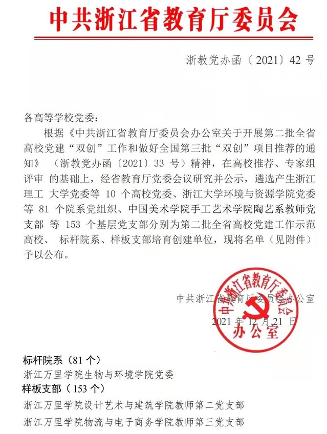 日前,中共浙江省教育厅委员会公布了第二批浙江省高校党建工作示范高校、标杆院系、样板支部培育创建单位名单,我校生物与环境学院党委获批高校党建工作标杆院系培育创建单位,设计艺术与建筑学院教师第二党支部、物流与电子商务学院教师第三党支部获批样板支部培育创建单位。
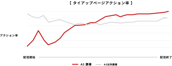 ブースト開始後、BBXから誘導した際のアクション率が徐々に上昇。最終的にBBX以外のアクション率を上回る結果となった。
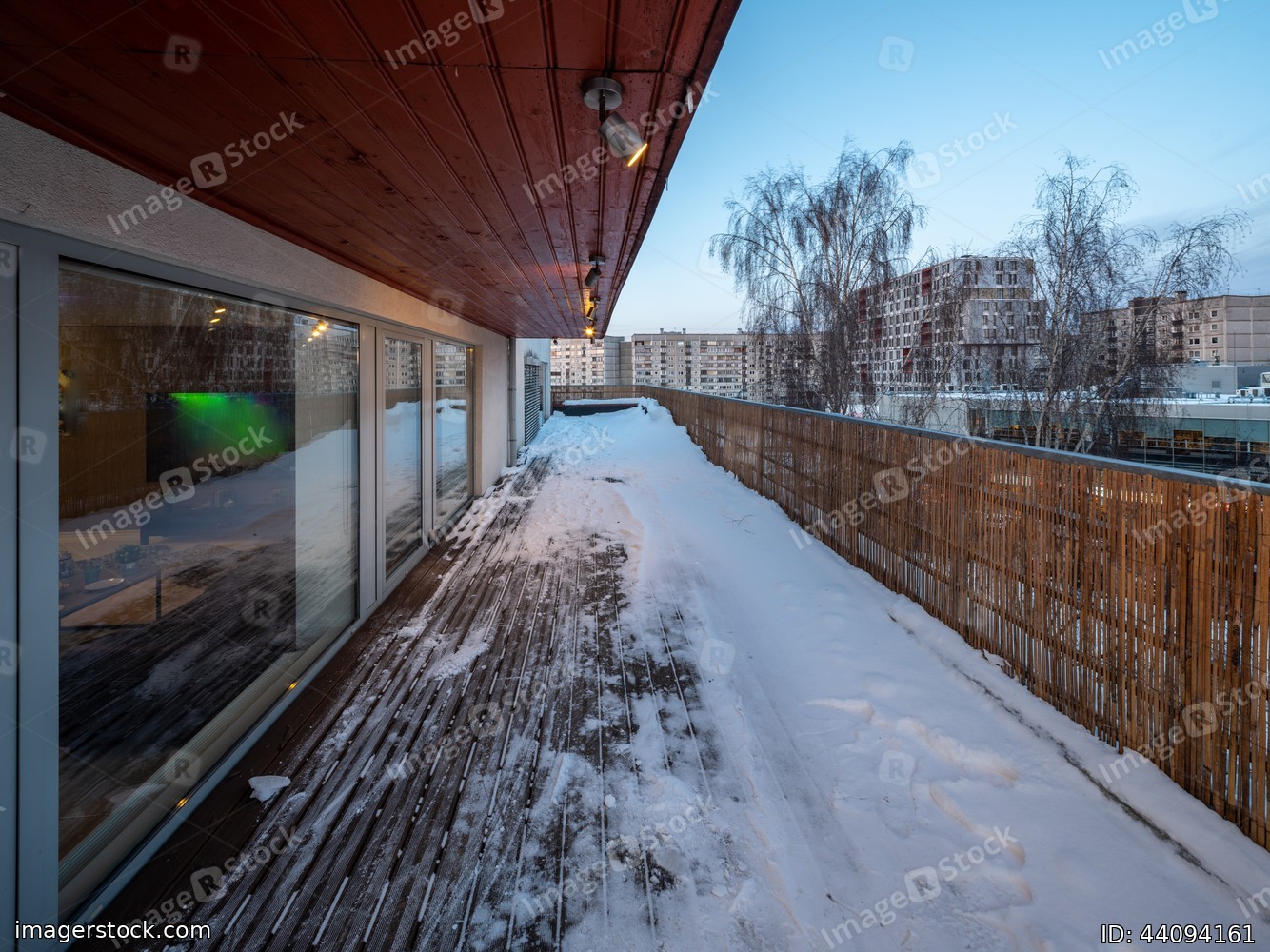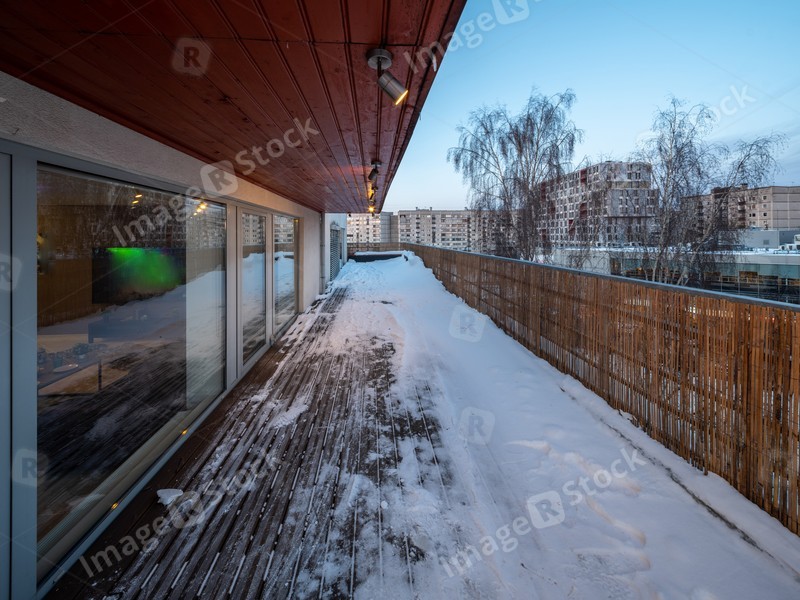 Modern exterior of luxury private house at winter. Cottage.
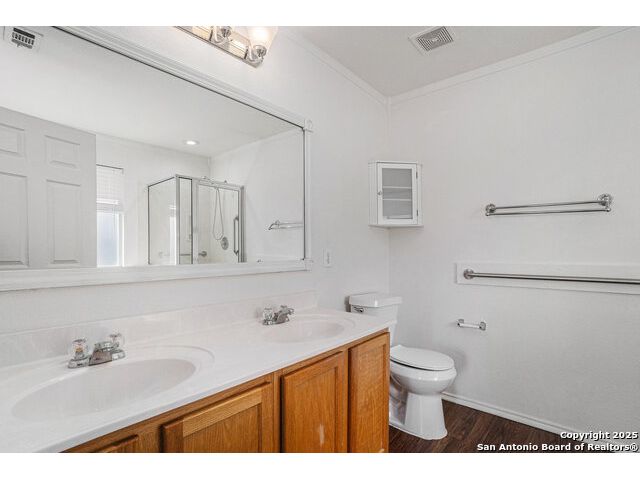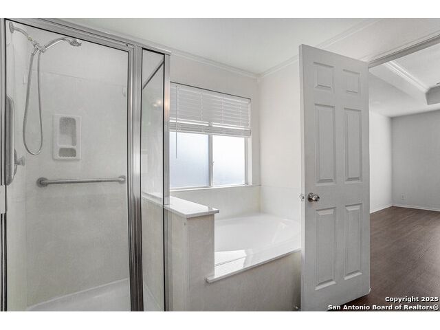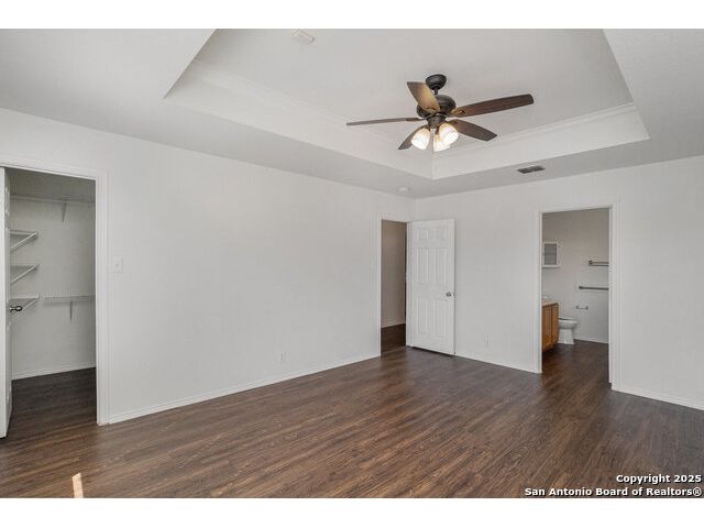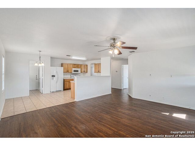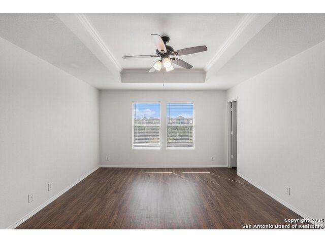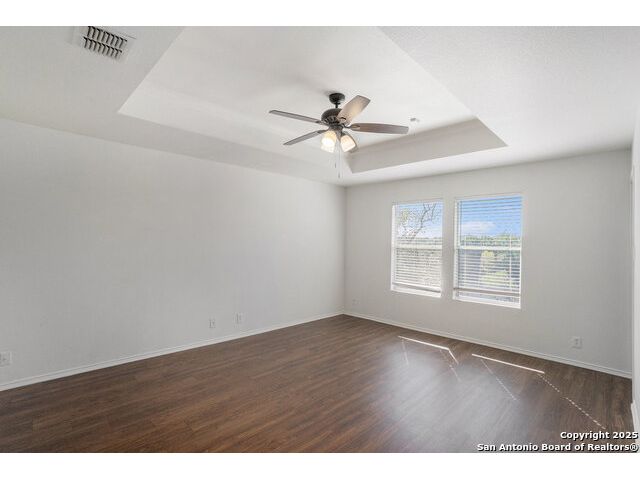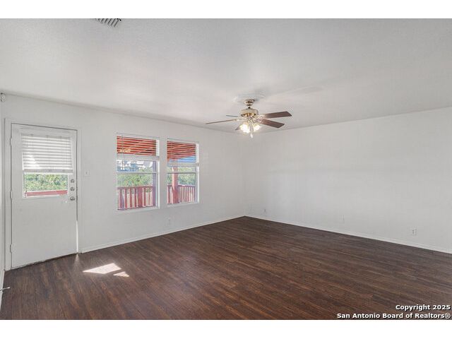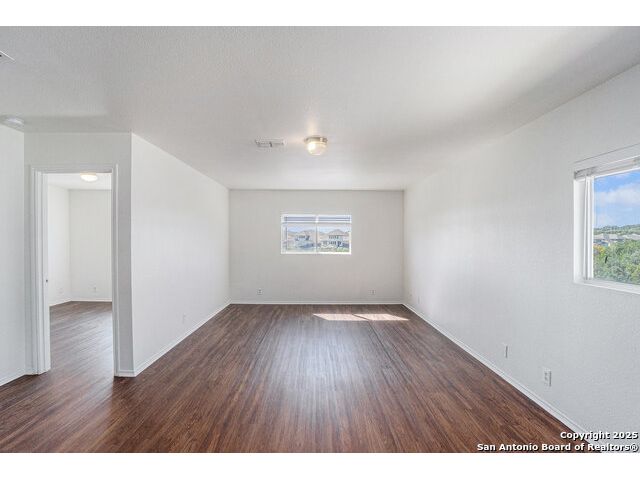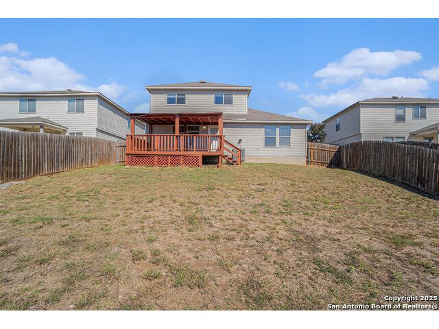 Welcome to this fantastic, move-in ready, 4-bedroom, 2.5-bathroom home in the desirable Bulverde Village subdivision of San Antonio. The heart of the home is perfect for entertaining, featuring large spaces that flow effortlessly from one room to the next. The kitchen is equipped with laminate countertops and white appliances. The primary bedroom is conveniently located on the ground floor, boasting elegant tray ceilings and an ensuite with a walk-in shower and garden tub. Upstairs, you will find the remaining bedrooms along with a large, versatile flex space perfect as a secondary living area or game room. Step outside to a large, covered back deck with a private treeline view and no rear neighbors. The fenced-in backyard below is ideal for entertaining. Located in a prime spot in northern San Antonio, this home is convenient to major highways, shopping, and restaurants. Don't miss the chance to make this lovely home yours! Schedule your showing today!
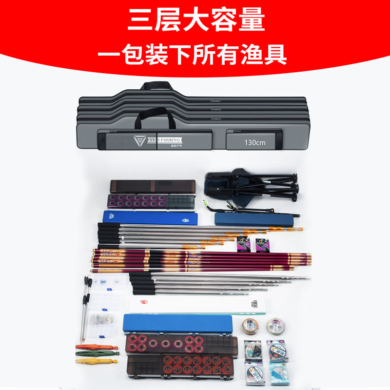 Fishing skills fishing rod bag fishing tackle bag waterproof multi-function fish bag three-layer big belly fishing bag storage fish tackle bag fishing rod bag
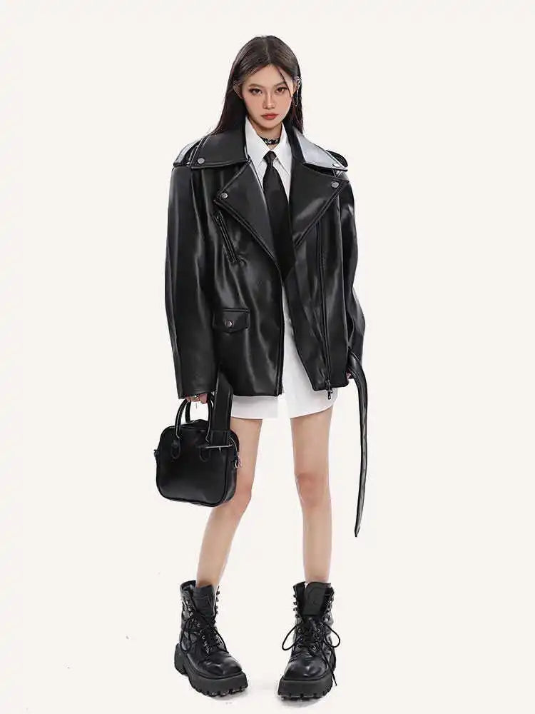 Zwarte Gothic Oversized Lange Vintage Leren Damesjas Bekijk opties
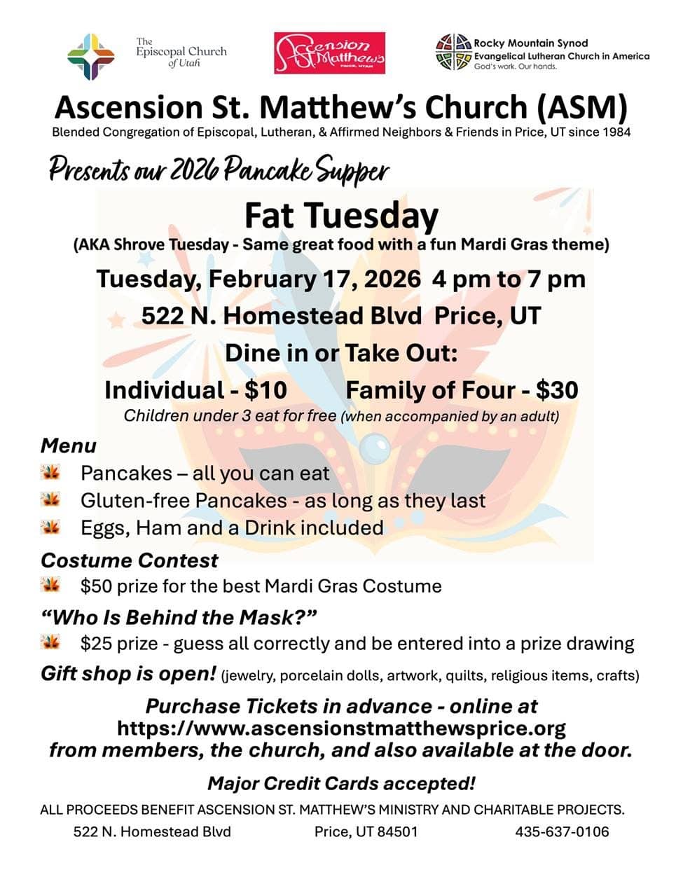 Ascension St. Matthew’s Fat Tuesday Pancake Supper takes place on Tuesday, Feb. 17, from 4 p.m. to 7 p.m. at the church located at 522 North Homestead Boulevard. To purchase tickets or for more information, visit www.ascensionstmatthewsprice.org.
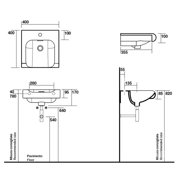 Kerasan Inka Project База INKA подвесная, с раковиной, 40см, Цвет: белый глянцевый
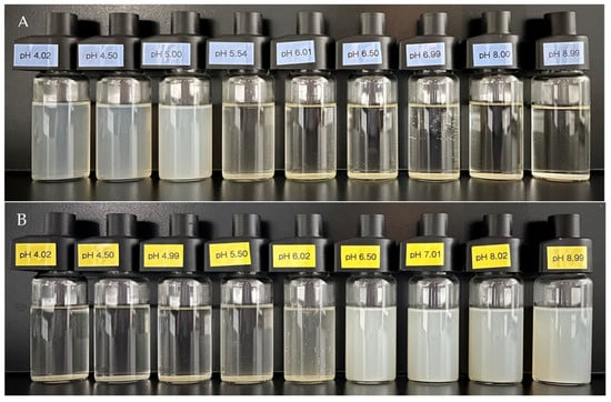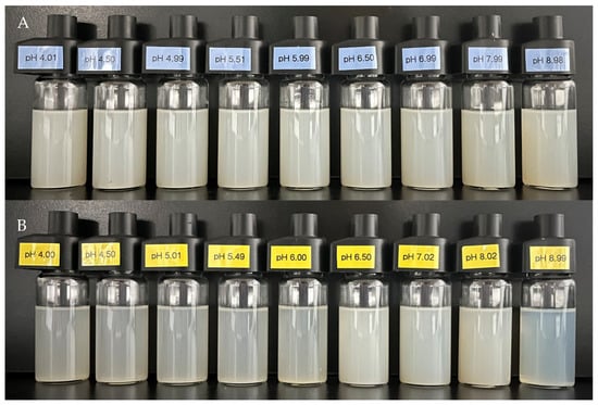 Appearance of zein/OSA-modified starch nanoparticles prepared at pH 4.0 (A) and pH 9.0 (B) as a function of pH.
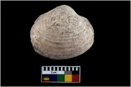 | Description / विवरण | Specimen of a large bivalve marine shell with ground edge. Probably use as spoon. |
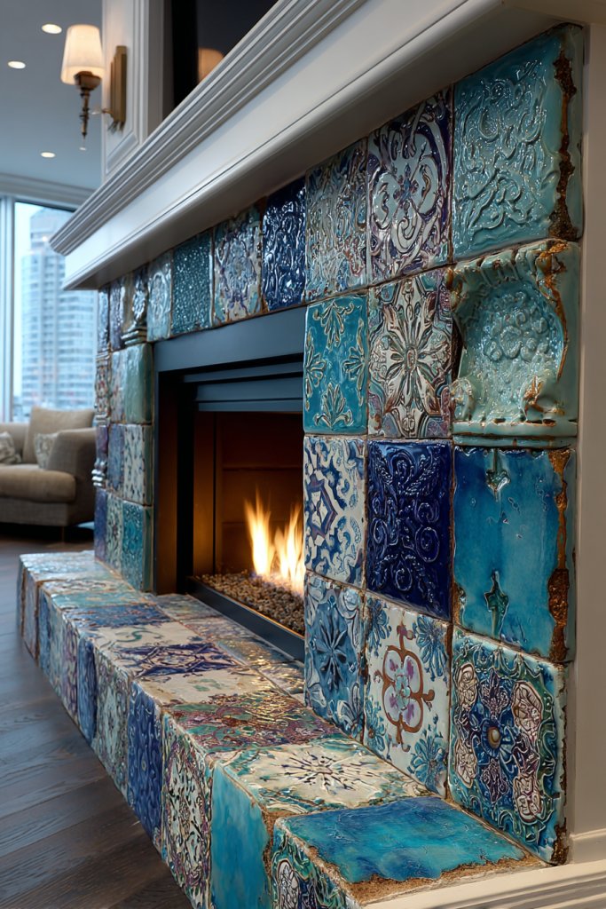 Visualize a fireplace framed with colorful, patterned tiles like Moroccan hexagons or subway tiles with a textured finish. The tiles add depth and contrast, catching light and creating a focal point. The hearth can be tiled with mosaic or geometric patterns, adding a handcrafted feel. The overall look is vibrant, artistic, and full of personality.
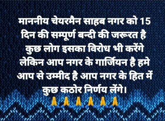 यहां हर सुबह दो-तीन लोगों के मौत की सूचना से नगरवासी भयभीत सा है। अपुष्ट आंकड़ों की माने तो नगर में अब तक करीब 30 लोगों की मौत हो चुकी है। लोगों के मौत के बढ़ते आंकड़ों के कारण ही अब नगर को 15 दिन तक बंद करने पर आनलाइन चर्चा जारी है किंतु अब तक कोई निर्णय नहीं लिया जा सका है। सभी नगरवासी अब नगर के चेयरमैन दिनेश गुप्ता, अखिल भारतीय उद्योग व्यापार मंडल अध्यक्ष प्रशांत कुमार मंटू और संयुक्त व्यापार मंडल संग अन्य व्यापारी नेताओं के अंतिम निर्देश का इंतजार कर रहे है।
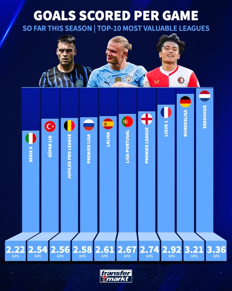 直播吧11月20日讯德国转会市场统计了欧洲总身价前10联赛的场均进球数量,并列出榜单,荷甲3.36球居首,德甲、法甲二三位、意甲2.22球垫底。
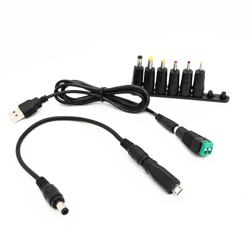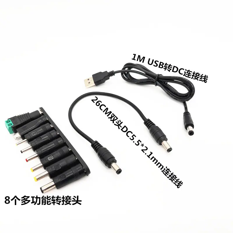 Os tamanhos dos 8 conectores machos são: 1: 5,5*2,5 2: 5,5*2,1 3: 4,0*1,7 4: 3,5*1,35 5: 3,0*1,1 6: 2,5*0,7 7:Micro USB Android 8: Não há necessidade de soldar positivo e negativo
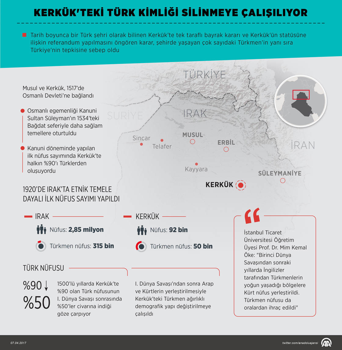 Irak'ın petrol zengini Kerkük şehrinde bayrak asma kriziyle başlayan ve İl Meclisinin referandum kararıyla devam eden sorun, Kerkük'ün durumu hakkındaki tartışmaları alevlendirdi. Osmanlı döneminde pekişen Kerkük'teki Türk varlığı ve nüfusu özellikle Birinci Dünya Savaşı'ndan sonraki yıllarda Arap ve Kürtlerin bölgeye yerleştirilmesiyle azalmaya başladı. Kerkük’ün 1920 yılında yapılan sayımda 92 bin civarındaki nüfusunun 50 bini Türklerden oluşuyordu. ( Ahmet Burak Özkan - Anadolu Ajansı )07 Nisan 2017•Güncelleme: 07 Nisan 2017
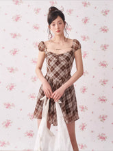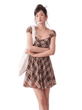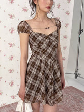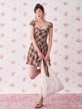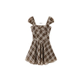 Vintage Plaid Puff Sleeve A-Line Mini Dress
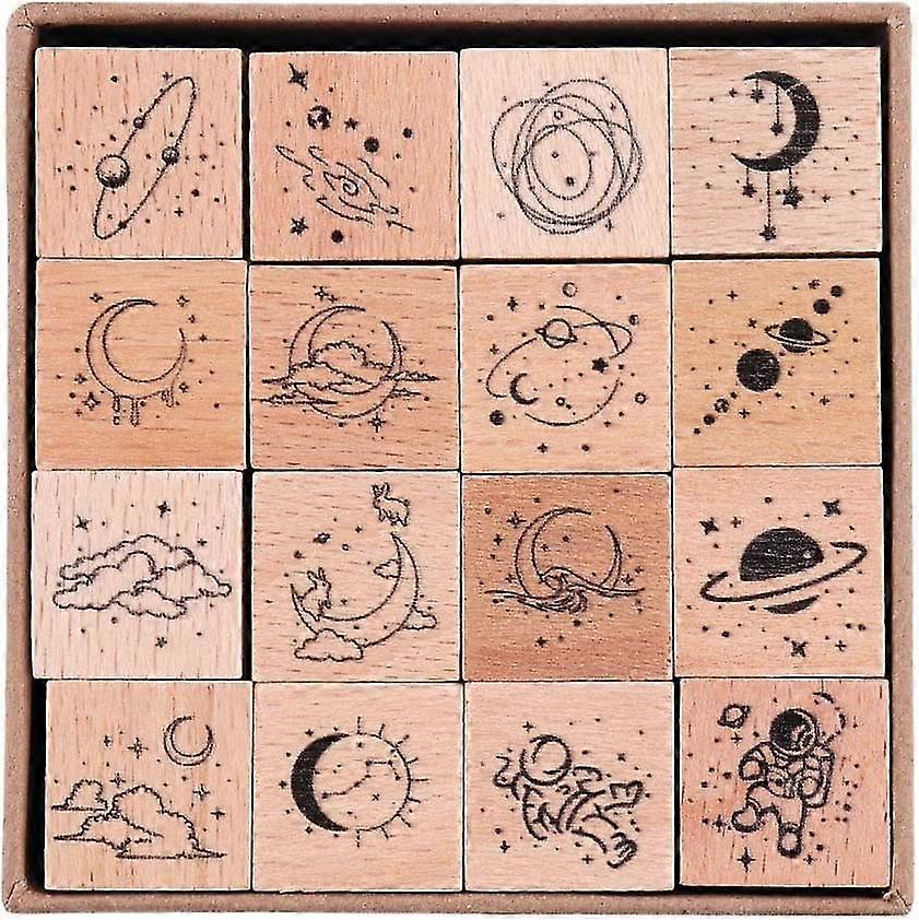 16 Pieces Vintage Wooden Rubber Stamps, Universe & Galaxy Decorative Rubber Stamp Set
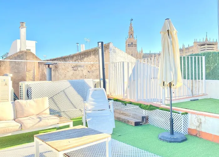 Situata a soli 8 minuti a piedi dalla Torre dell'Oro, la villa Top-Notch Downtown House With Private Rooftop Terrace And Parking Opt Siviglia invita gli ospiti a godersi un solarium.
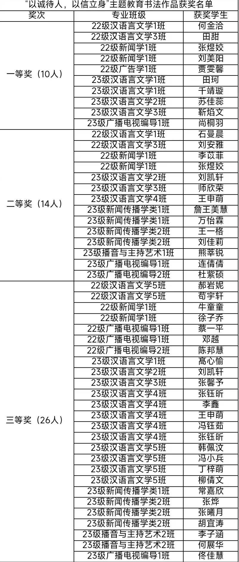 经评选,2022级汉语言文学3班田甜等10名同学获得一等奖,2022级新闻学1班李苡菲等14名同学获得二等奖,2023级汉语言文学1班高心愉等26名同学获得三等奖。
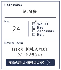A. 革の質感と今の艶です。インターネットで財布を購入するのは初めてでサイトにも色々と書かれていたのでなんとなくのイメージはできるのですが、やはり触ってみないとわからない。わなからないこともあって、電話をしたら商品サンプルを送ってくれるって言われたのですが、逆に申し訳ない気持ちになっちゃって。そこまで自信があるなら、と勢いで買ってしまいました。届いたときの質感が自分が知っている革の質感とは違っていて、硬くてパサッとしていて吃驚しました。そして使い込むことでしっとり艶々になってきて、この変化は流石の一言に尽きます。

■ ■ ■ ■ ■ ■ ■

▶ WORK TO COMPLETE
Your reply should consist solely of the lines above from the line containing "Situata a soli" up to and including the line containing "经评选,2022级汉语言文学", reproduced exactly, minus the pictures.

▶ EXERCISE OUTPUT
 Situata a soli 8 minuti a piedi dalla Torre dell'Oro, la villa Top-Notch Downtown House With Private Rooftop Terrace And Parking Opt Siviglia invita gli ospiti a godersi un solarium.
 经评选,2022级汉语言文学3班田甜等10名同学获得一等奖,2022级新闻学1班李苡菲等14名同学获得二等奖,2023级汉语言文学1班高心愉等26名同学获得三等奖。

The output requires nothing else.